BEFORE THE ARKANSAS WORKERS’ COMPENSATION COMMISSION CLAIM NO. H205900 JASON L. MARSHALL, Employee CLAIMANT TYSON POULTRY INC., Self-Insured Employer RESPONDENT OPINION FILED NOVEMBER 30, 2023 Hearing before ADMINISTRATIVE LAW JUDGE JOSEPH C. SELF in Springdale, Washington County, Arkansas. Claimant represented by B. TANNER THOMAS, Attorney, Little Rock, Arkansas. Respondents represented by JEREMY SWEARINGEN, Attorney, Little Rock, Arkansas. STATEMENT OF THE CASE On November 16, 2023, the above captioned claim came on for a hearing at Springdale, Arkansas. A pre-hearing conference was conducted on August 31, 2023, and a pre-hearing order was filed on that same date. A copy of the pre-hearing order has been marked as Commission’s Exhibit #1 and made a part of the record without objection.
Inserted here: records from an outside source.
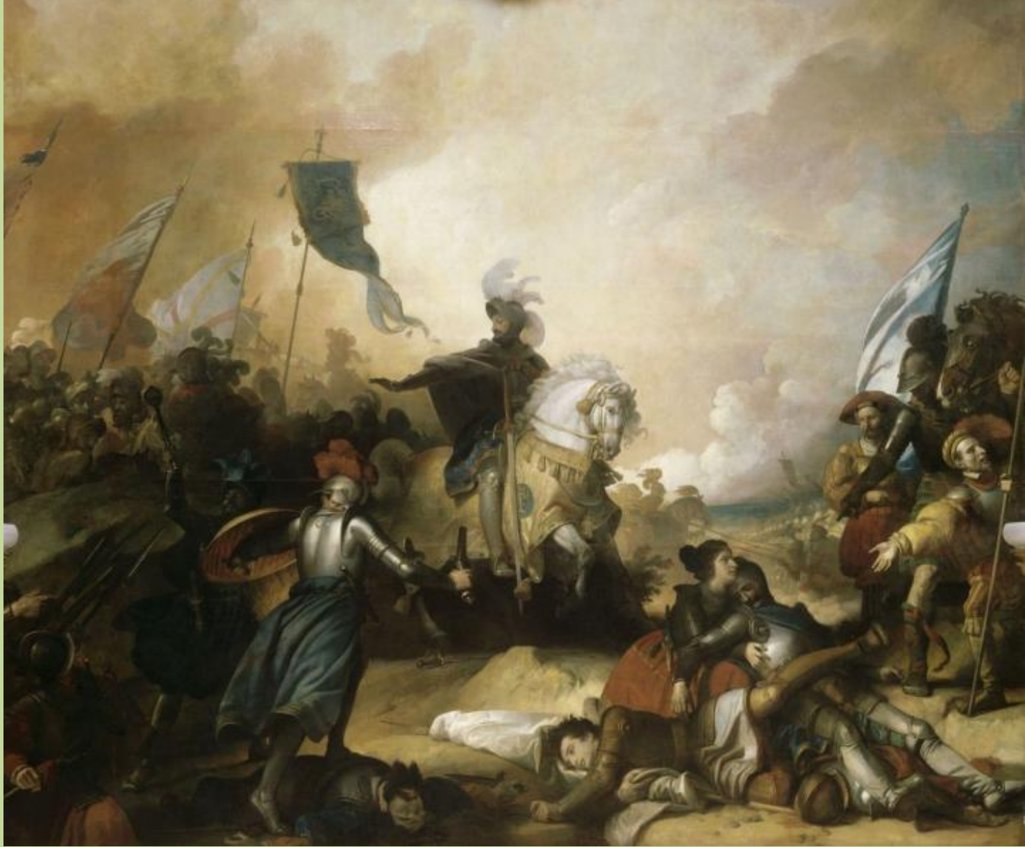
Alexandre Evariste Fragonard (Grasse, 1780 – Paris, 1850), La Bataille de Marignan , 1836, peinture à l'huile sur toile, Versailles, musée national du château.
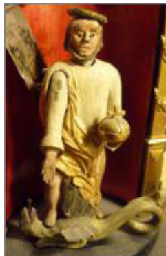
Apostlaverket. Närbilder: Peter Borgelin, DGUV, 9 febr 2011. Lägg märke till att Jesus trampar på draken (ormen). Beakta uppgifterna om apostlaverkets mått, det är miniatyrarbeten.
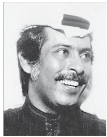
الرشود أخذني معه إلى الإمارات
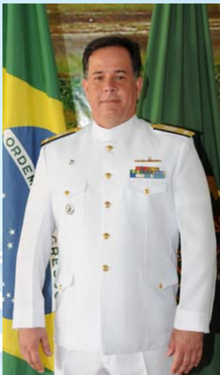
Contra-Almirante Afrânio de Paiva Moreira Junior

O Contra-Almirante Afrânio de Paiva Moreira Junior é natural do Rio de Janeiro. Foi declarado Guarda-Marinha em 13 de dezembro de 1979.
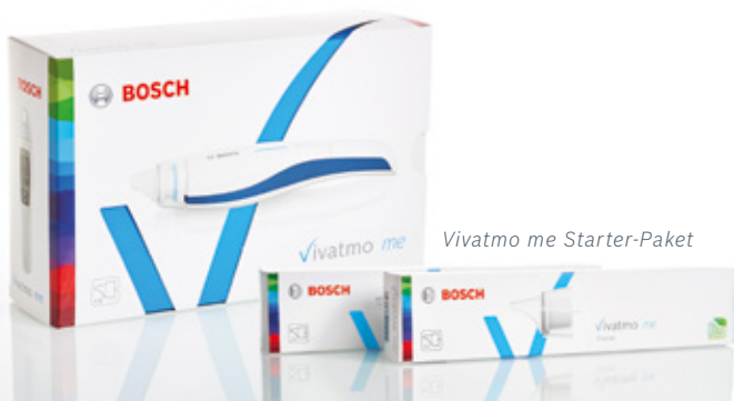
Vivatmo me Starter-Paket

Die Vivatmo app mit Tagebuchfunktion und Polleninformation sowie das Vivatmo Coach Angebot für den einfachen Start erhalten Sie kostenlos dazu.
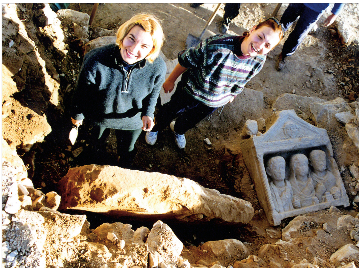
Sl. 1. Položaj nalaza stropnog reljefa

U predbedemu antičke Aserije, koji je služio kao dodatno ojačanje inače vrlo snažnom i čvrsto zidanom prstenu gradskih fortifikacija od megalitskog kamena, pronađen je fragment ploče s reljefom od vapnenca sljedećih dimenzija: duž. 154, šir. 89,5 i deblj. 23,8 cm /Sl. 1,2/. 1 Predbedem je izrađen uglavnom od spolija podrijetlom s obližnjih nekropola i njihova je količina uistinu impresivna, što za kasnoantičko doba nije nimalo neobično. Dovoljno je prisjetiti se salonitanskih zidina i bezbrojnih spolija koje su služile kao običan graditeljski materijal. Nekropole su poslužile kao bogati kamenolom koji je pri ruci nudio obilje kvalitetnog materijala. Bez obzira na pijetet prema grobištima u trenutcima opasnosti, o tome se, naravno, nije vodilo računa. Vrijednost mnogih otkrivenih komada je velika i zato je potrebno svaki i najmanji fragment izvaditi i ispitati.
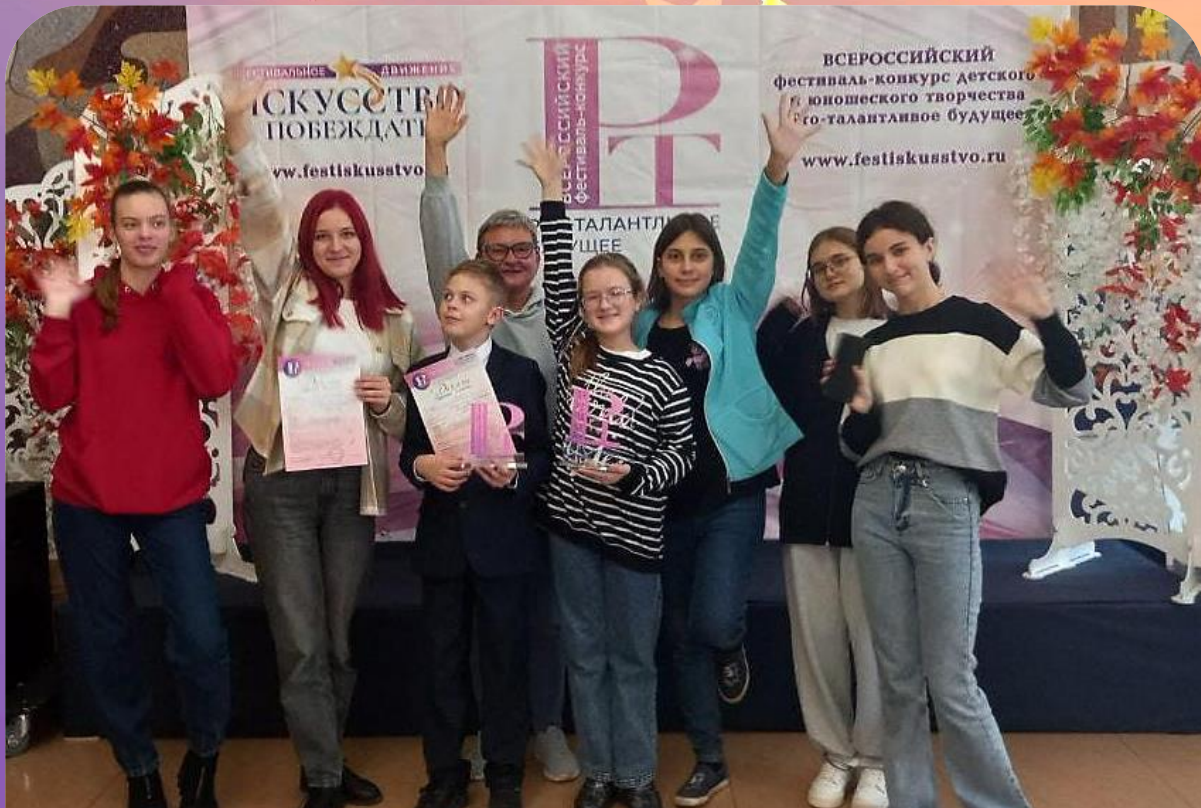
Театр – студия «Маскарад» Лауреат 1 степени

At the pre-hearing conference the parties agreed to the following stipulations: 1. The Arkansas Workers’ Compensation Commission has jurisdiction of this claim. 2. The employee/employer/carrier relationship existed on May 16, 2022. 3. Claimant sustained a compensable injury on May 16, 2022. 4. The compensation rates are the maximum. At the pre-hearing conference the parties agreed to litigate the following issues: 1. Whether claimant is entitled to temporary total disability benefits. 2. Whether claimant is entitled to medical benefits.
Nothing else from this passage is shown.